Aziz ve Muhterem dostum Lokman Öztürk, bir dostundan gelen metni bana göndermiş. O’nun armağanı olarak sizlere sunuyorum:  

Tolstoy’un ‘İnsan Ne İle Yaşar’ adlı kitabında, çiftçi Pahom’un hazin ve ibretlik hikâyesi yer alır. Sıradan kendi hâlinde bir çiftçi olan Pahom, daha zengin bir hayatın hayâlini kurmaktadır. Uzak bir yerlerde, cömert bir reisin karşılıksız toprak verdiğini duyunca, daha çok toprak elde etmek için reise gidip talebini iletir. Gerçekten de Reis herkese istediği kadar toprak veren cömert biridir. Pahom’a ‘Sabah güneşin doğuşundan batışına kadar adımladığın bütün yerler senin  olacak… Fakat güneş batmadan yeniden başladığın yere dönmen lazım.’ der. ‘Yoksa bütün hakkını kaybedersin.’

Pahom güneşin doğuşuyla beraber yürümeye başlar. Tarlalar, bağlar, bahçeler geçer. Tam başladığı noktaya yönelecekken gördüğü sulak bir araziye aklı ve gözü takılır.  Şu bağ, bu bahçe derken bakar ki güneşin batmasına az kalmış. Koşar, koşar, fakat takâti kesilir. Halsiz adımlarla yürümeye devam ederken, Pahom’un burnundan kanlar damlamaya başlar. Tam başladığı noktaya yaklaşmışken, bir anda yere yığılır ve bir daha kalkamaz…

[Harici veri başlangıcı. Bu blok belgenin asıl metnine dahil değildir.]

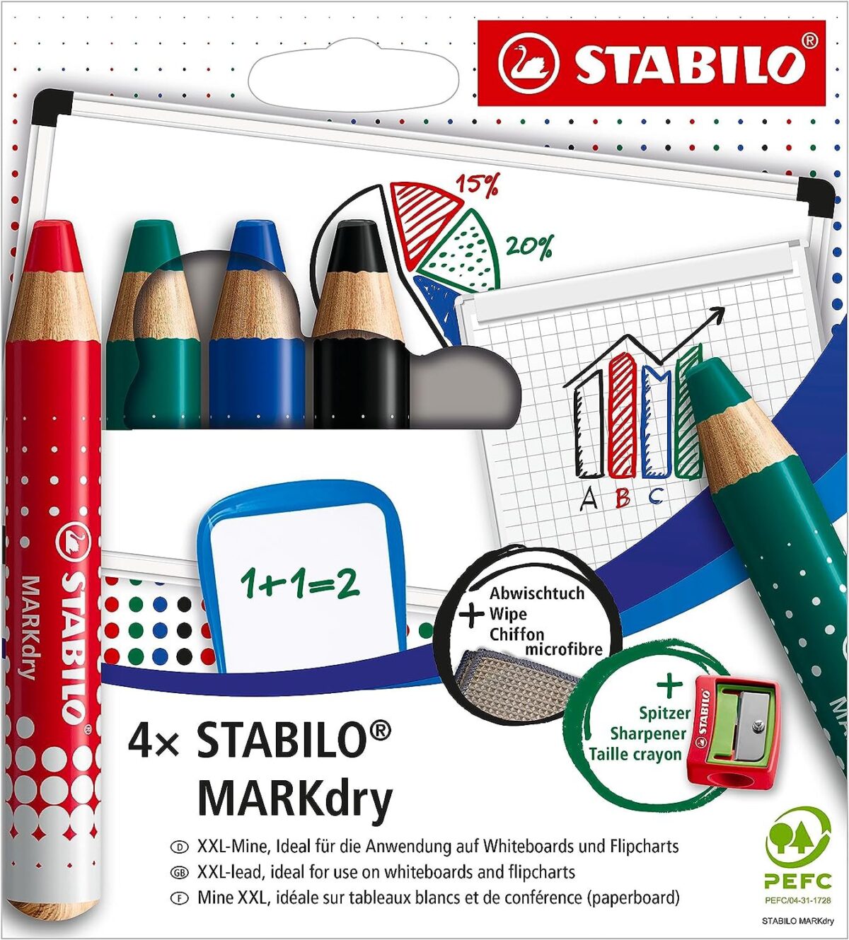 Introducing STABILO MARKdry marker pencil for use on whiteboards, chalkboards, show me boards, glass and flipcharts – with constant bright colour output until the last stroke. The MARKdry can be wiped off non-porous surfaces with a damp or dry cloth (included in the pack) and easily washes off hands and clothes.

Reis olanları tâkip etmektedir. Çok kereler şâhit olduğu hâdise yeniden vuku bulmuştur. Adamlarına bir mezar kazdırır. Pahom’u bu mezara gömerler. Reis Pahom’un mezarının başında durur şöyle der: ‘Bir insana işte bu kadar toprak yeter!’

*       *       * 

Bilin ki, dünya hayatı ancak bir oyun, bir eğlence, bir süs, aranızda karşılıklı bir övünme, çok mal ve evlat sâhibi olma yarışından ibârettir. (Nihayet hepsi yok olur gider). Tıpkı şöyle: Bir yağmur ki, onunla yeşeren büyüyen bitki çiftçilerin hoşuna gider. Sonra kurumaya yüz tutar da sen onu sararmış olarak görürsün. Sonra da çer çöp olur. Âhirette ise (dünyadaki amele göre ya çetin bir azap ve(ya) Allah’ın mağfiret ve rızâsı vardır. Dünya hayatı, aldanış mekânından başka bir şey değildir. (Hadid Suresi 20)

Mütemâdiyen biriktirmek istiyoruz. Yiyemeyeceğimiz kadar erzak, giyemeyeceğimiz kadar kıyâfet, kullanamayacağımız kadar eşya, oturamayacağımız kadar ev… Gözlerimiz midelerimizden, arzularımız ihtiyaçlarımızdan daha büyük…

Bâzı insanların 15-20 yıl boyunca ödemek kaydıyla faizli banka kredisi çekmesi neyin alâmetidir… Bâzen insan ömründen daha çok borç biriktirir. Bâzen de elinde olan fakat fark etmediği nimetleri hoyratça harcar durur.

Ve insan yaşlandıkça arzularını besler, gençleştirir. Biriktirdikçe hayata olan bağlarını artırır. Öyle bağlanır ki hayata, bir gün bu diyardan göçüp gideceği fikri zamanla aklından silinir gider… 

İnsanoğlu tüketmeye de çok meraklıdır. Biriktirdiği paranın, eşyanın, malın mülkün yanında zaman tüketir, söz tüketir… Benlik biriktirirken, benliğini tüketir…

Sofraya koyabildiğimiz bir bardak çaya, zeytine, ekmeğe ulaşabilmenin bir zenginlik olduğunu ne zaman fark edeceğiz?

Doldurabildiği bir cüzdanı olmasa da, bir evi muhabbetle, kanaatle dolduran bir kadının, akşamları evine gelen, ekmek getiren eşine, ‘eline sağlık’ diyen bir erkeğin, iman dolu bir yüreğin zenginlik olduğunu ne zaman anlayacağız?

Hepimiz gören bir gözü, tutan bir eli, yürüyen bir ayağı satın alamayacak ve kaybedince tekrar sâhip olamayacak kadar fakiriz…

 Aldığı maaşı yetiremeyenlere, modayı tâkip edemeyenlere, evini beğenmeyenlere, mekânı dar bulanlara, daha çok para için, hesabı daha fazla kabartmak için çırpınanlara da yeter toprağın altı. İhtiraslarımız, bitip tükenmeyen arzularımız için, sâdece az bir toprağa ihtiyaç var.